→ Aim of the task
Only the lines from the start of the data below through the line that contains "Futuristic split matrix" are to be copied, exactly and without pictures.

→ Material for this exercise
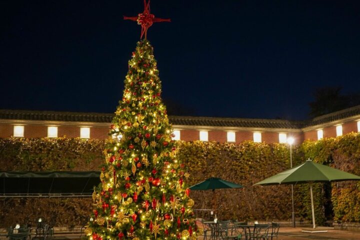 さらに、会場にはアイビースクエアのメタセコイヤの木を使用した5m越えのクリスマスツリーも飾られます。ツリーの装飾を手掛けたのは、装飾家の能勢聖紅さん。昨年のREDに今年はGOLDのカラーも加え、より一層華やかに装飾されています✨
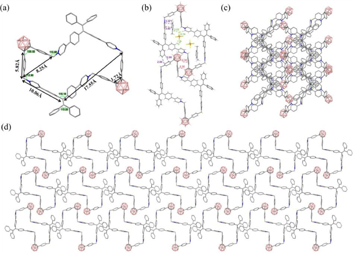 Carborane is a three-dimensional cage-like structure with a icosahedron shape. It has advantages such as three-dimensional aromaticity, good redox properties, thermal stability, rigid structure and high boron content [29]. Due to the unique structure and properties of carborane, macrocycles based on carborane skeleton have been well studied since the 1990s [30–34]. For example, Jin and coworkers have utilized carborane as the framework structure to develop a series of metal-coordinated macrocycles and cages, which can achieve the separation of light hydrocarbons through interactions such as dihydrogen bonding [35–38]. Carborane embedded necklace-shaped nanohoops with high a solution quantum yield were synthesized by Li and coworkers [39]. Very recently, our group reported carborane-based triangular aromatic alkyne macrocycles, which also demonstrated the AIE effect and can identify nitroaromatic compounds [40].
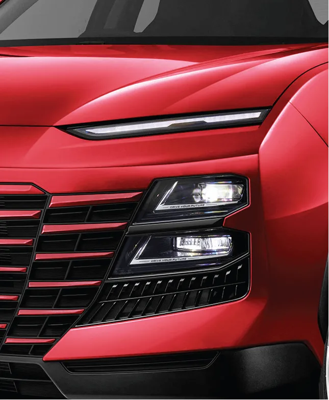 Futuristic split matrix design headlights with multiple height adjustments, crafted to radiate brilliance far ahead.
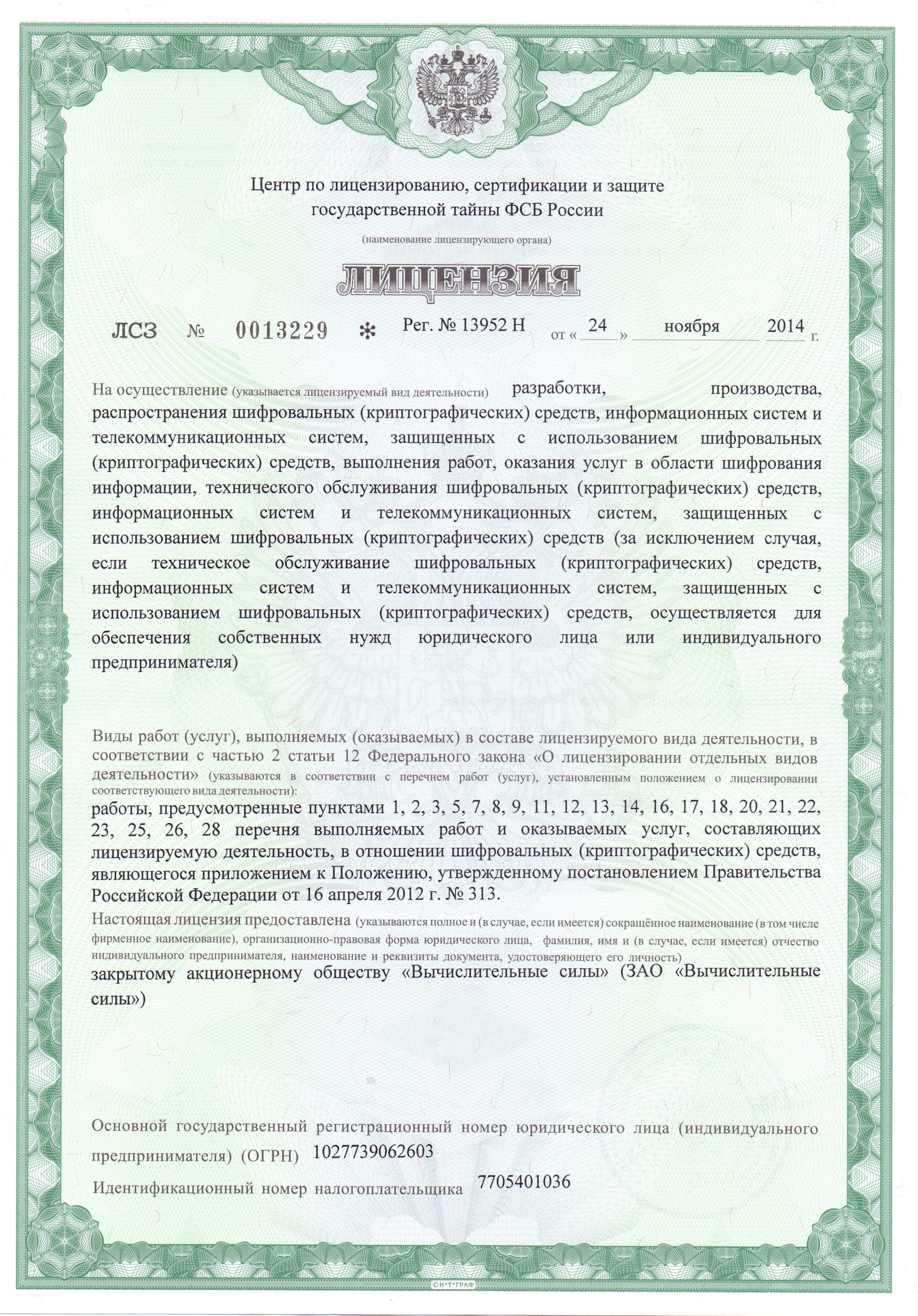 Лицензия на осуществление распрастранения, разработки, производства шифровальных (криптографических) средств, защищенных с использованием шифровальных (криптографических) средств информационных и телекоммуникационных систем.
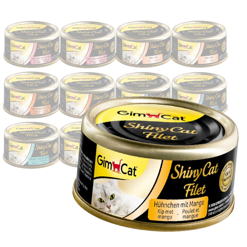 GimCat ShinyCat Filet to wyjątkowo smakowita karma o doskonałych właściwościach. Wysokiej jakości kawałki mięsa, delikatnie gotowane w bulionie w celu zachowania wartości odżywczych w połączeniu z smakowitym dodatkiem tworzą zdrowy oraz zbilansowany posiłek. Wysoka zawartość białka wzmacnia układ odpornościowy kota oraz pozytywnie wpływa na rozwój organizmu. Karma zawiera tylko 1%-2,5% tłuszczu, dzięki czemu jest lekkostrawna i doskonale nadaje się dla kotów z nadwagą. Produkt nie zawiera konserwantów, barwników oraz wzmacniaczy smaku. Bez laktozy. Bez dodatku cukru. Karma uzupełniająca dla kotów.
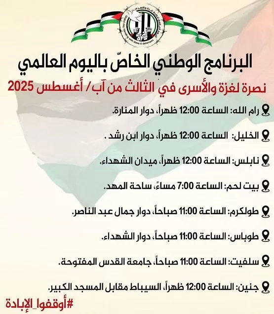 هذا وأعلنت هيئة شؤون الأسرى والمحررين ونادي الأسير الفلسطيني، برنامج الفعاليات في محافظات الضفة الغربية وفق الجدول التالي:
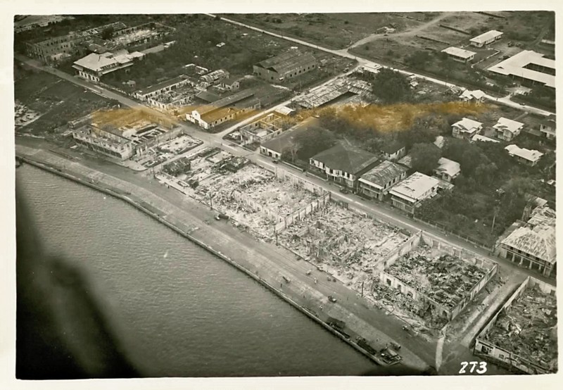 1425 19 March 1945. A large explosion is reported east of Point PETER and west of ILOILO River mouth; cause unidentified. No people are in sight. It appears to be a fuel explosion on dock. Small fires continue to break out in ILOILO city.
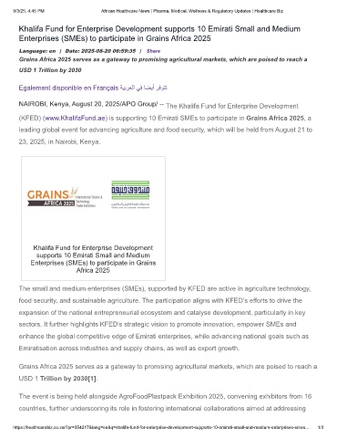 (KFED) (www.KhalifaFund.ae) is supporting 10 Emirati SMEs to participate in Grains Africa 2025, a
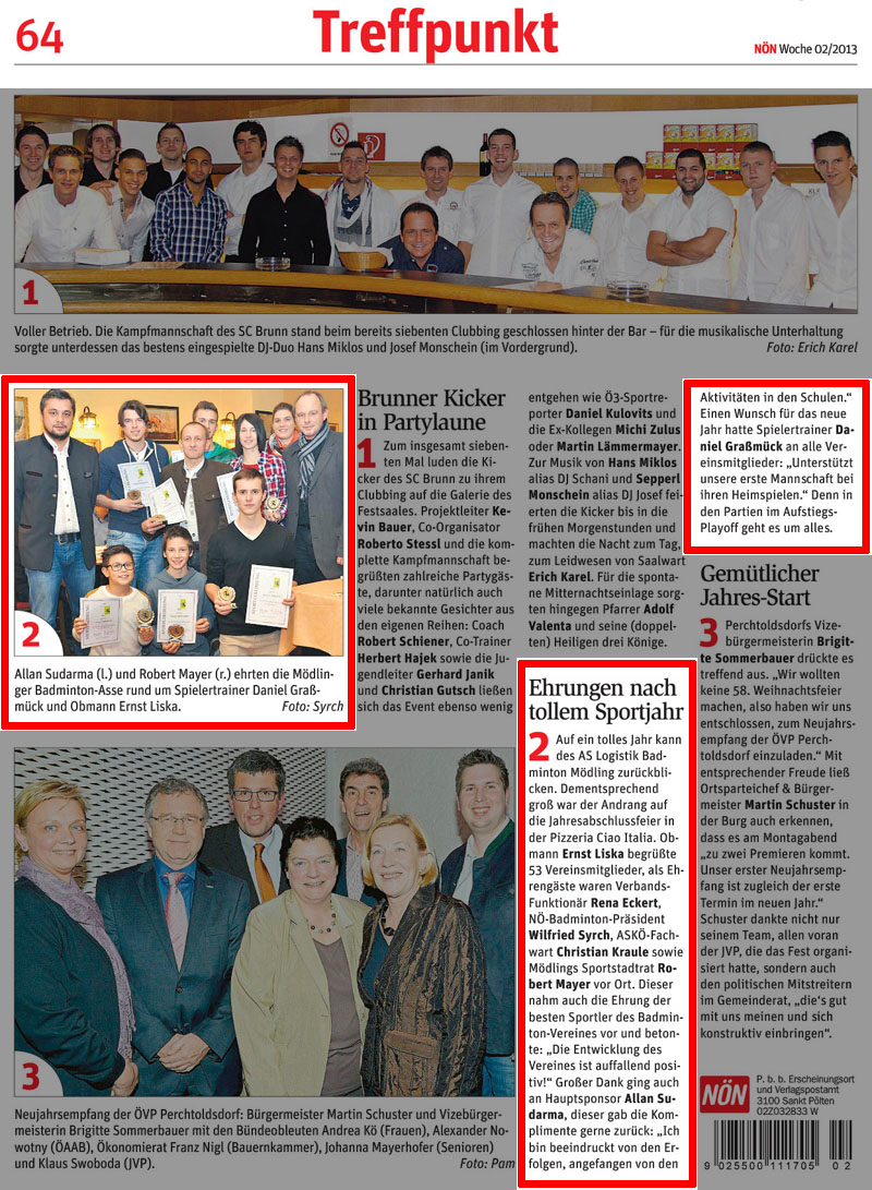 EHRUNG NACH TOLLEM SPORTJAHR / Sponsor Allan Sudarma und Sportstadtrat Robert Mayer ehrten die Mödlinger Badminton-Asse.
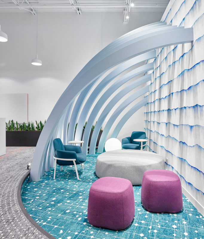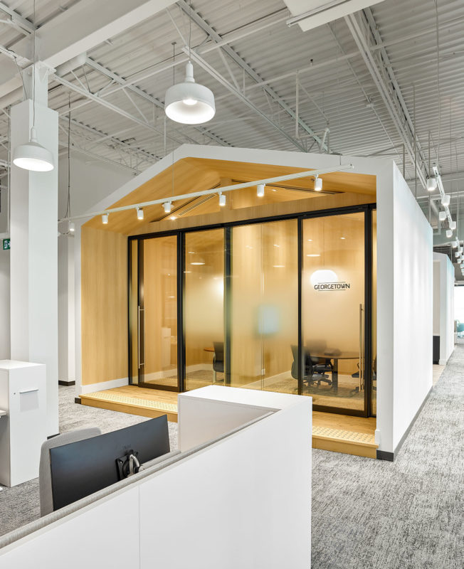 By clustering hard-walled spaces at the center we divided the space into four neighbourhood quadrants. Each neighbourhood has a central common space break-out area with a unique visual identity. And each of these “squares” is further differentiated by having an individual ambiance based on one of the four seasons.
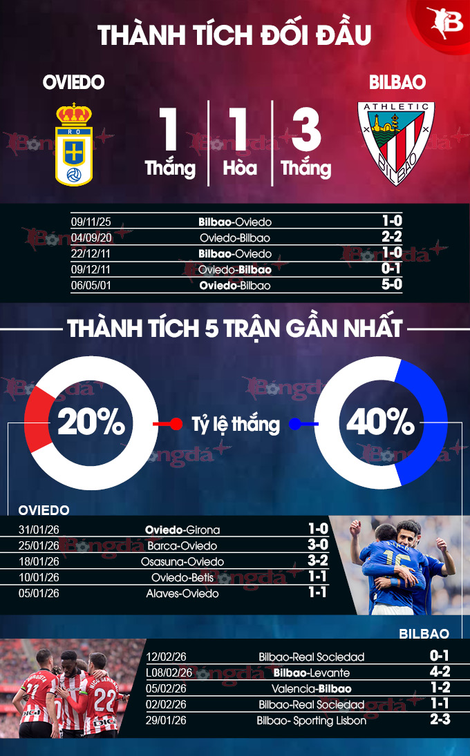 Phải nhấn mạnh rằng, Bilbao luôn át vía Oviedo trong quá khứ. Bằng chứng là trong 3 cuộc chạm trán chính thức, đội bóng xứ Basque áp đảo với 3 trận toàn thắng và không để đối phương ghi bàn thắng danh dự.
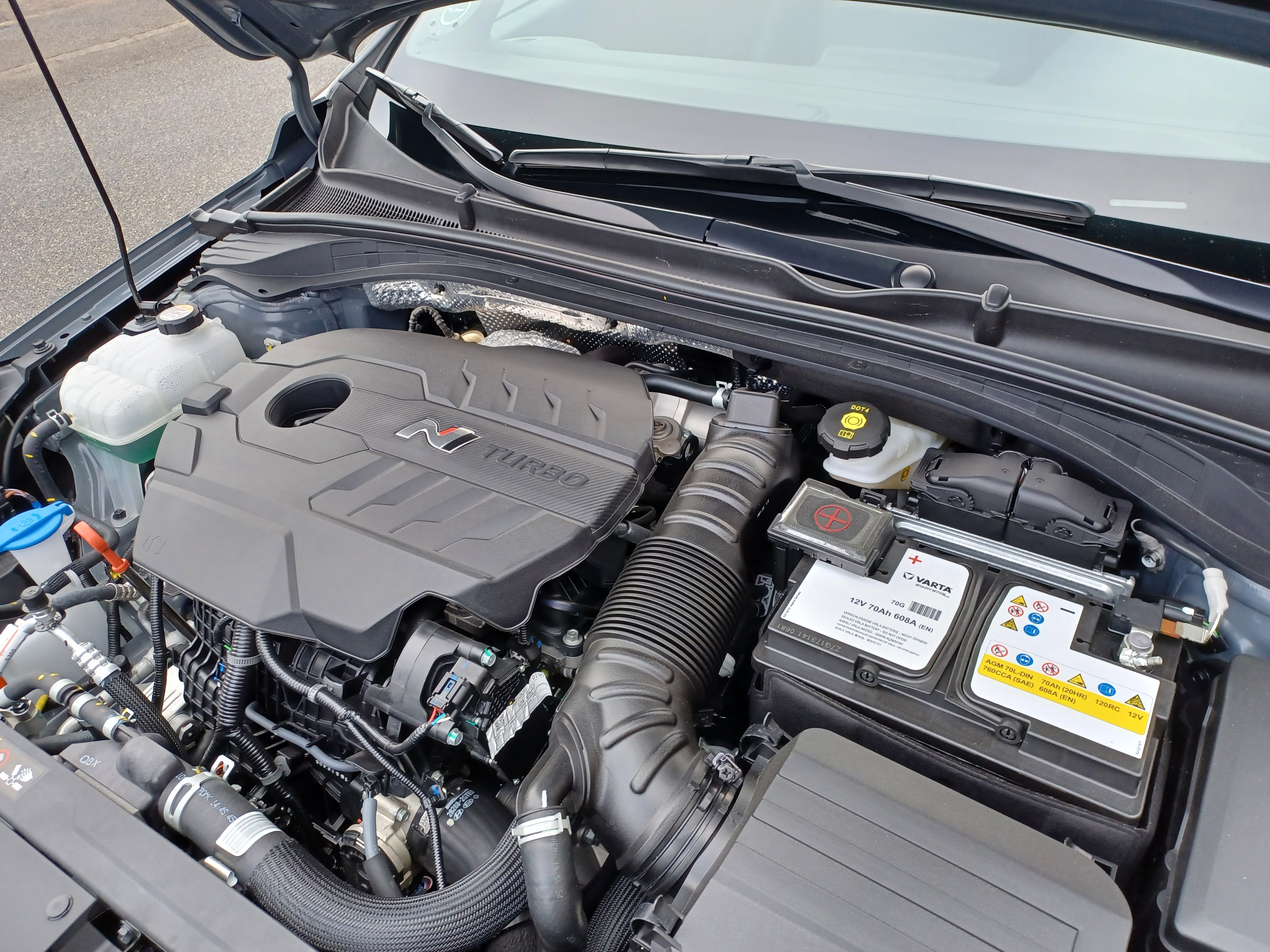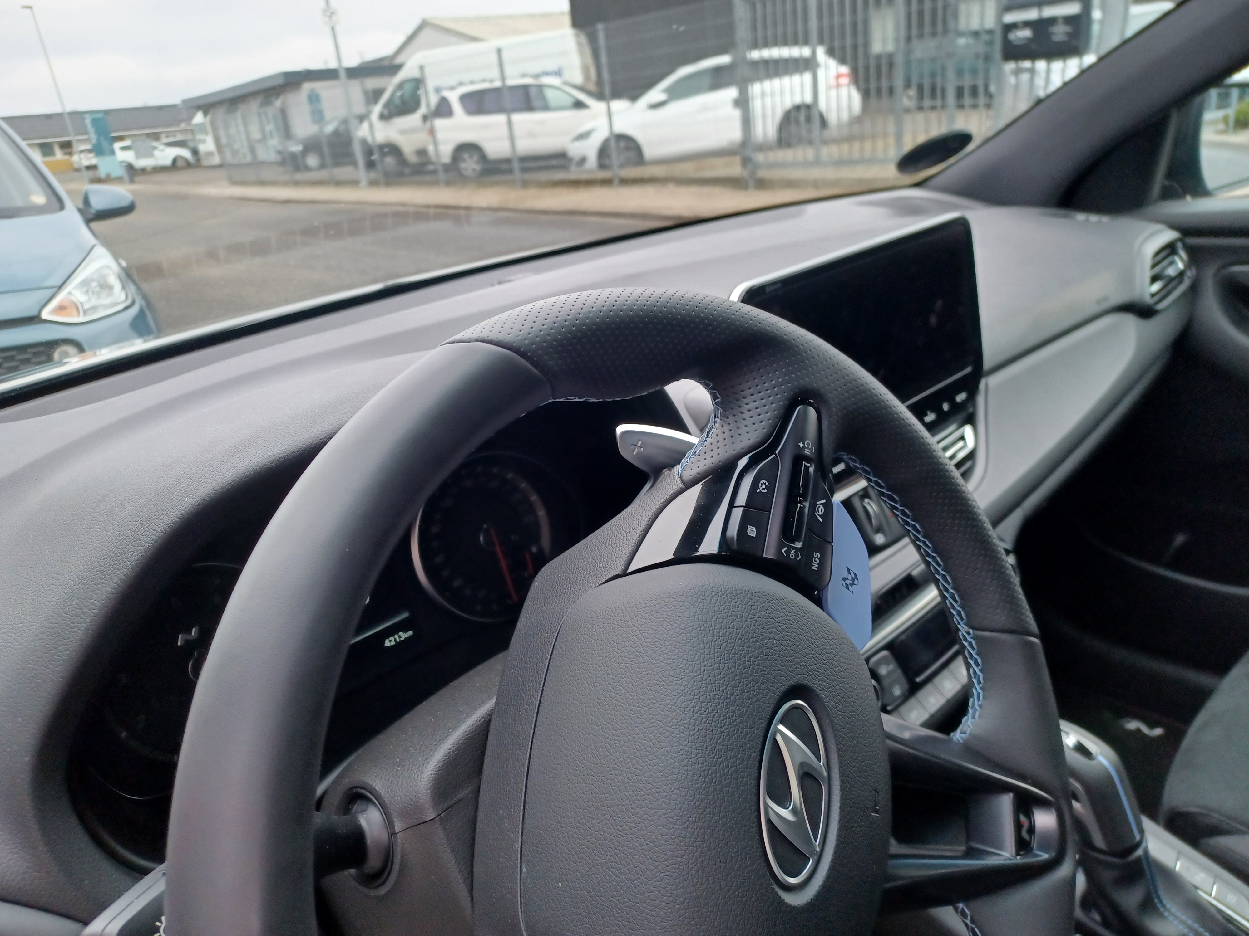 Jeg kan allerede sige nu at det her er en bund-solid GTIer der giver de etablerede aktører kamp til stregen. Bare hvis vi ser på teknikken mangler i30N ikke noget i forhold til konkurrenterne. Man har blandt andet 8 trins dobbeltkoblings-gearkasse elektronisk spærredifferentiale og antilag. Sidstnævnte er meget usædvanligt at se standard gadebilsmotorer være udstyret med. Men den kører heldigvis også som en rigtig hot hatchback. Selvfølgelig kan man godt mærke at den føles mere rolig eller hvad man nu skal sige. Nu hvor det er en smule større bil i forhold til i20N med længere akselafstand. Men undervognen er stadigvæk hård og kontant og så er styretøjet tungt vægtet imens at det styrer præcist. Indretning af førerpladsen er også lige som det skal værre. Man har et par godt polstret forstole der støtter virkelig godt om én og éns forsædepassager. Og så er knapper til klimaanlæg og gearvælgeren logisk udformet og placeret. Så det er intuitivt at betjene. Angående gearkasse er man også godt stillet. Selvom at den 6 trins manual er det åbenlyse valg for køre-entusiasten så er den 8 trins DCT med vådkobling en rigtig fornem gearkasse. Den skifter næsten ligeså smidigt ved stille kørsel som nogle af de bedste konverter-atomatgearkasser at jeg har kørt. Men hvor at man stadigvæk har lynhurtige og præcise skift under en hurtig acceleration. Og det er lige meget om det i manuelt eller automat-program. Og det at accelerere er noget at i30eren er rimelig god til. Fra 0 til 60 i timen føles den ikke ligeså eksplosiv som lillebror i20N. Hvorimod at ved mellem-accelerationer fra 60 til omkring 130 i timen der flyver den til gengæld godt. Man kan i hvert tilfælde godt mærke at man har de ekstra kubik i forhold til i20. Det eneste minus hvis man overhovedet kan kalde det det. Er at man ikke har digital instrumentering som i i20. Men det ænser jeg ikke da jeg er vant til gamle biler som slet ikke har nogen former LCD paneler i instrument-klyngen.
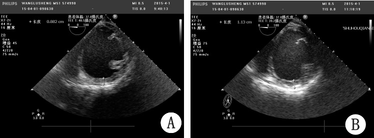 | A:注射前;B:注射后 图 2 患者术中实时心脏超声监控结果 Fig 2 Real-time ultrasonic monitoring |

→ Answer box
 さらに、会場にはアイビースクエアのメタセコイヤの木を使用した5m越えのクリスマスツリーも飾られます。ツリーの装飾を手掛けたのは、装飾家の能勢聖紅さん。昨年のREDに今年はGOLDのカラーも加え、より一層華やかに装飾されています✨
 Carborane is a three-dimensional cage-like structure with a icosahedron shape. It has advantages such as three-dimensional aromaticity, good redox properties, thermal stability, rigid structure and high boron content [29]. Due to the unique structure and properties of carborane, macrocycles based on carborane skeleton have been well studied since the 1990s [30–34]. For example, Jin and coworkers have utilized carborane as the framework structure to develop a series of metal-coordinated macrocycles and cages, which can achieve the separation of light hydrocarbons through interactions such as dihydrogen bonding [35–38]. Carborane embedded necklace-shaped nanohoops with high a solution quantum yield were synthesized by Li and coworkers [39]. Very recently, our group reported carborane-based triangular aromatic alkyne macrocycles, which also demonstrated the AIE effect and can identify nitroaromatic compounds [40].
 Futuristic split matrix design headlights with multiple height adjustments, crafted to radiate brilliance far ahead.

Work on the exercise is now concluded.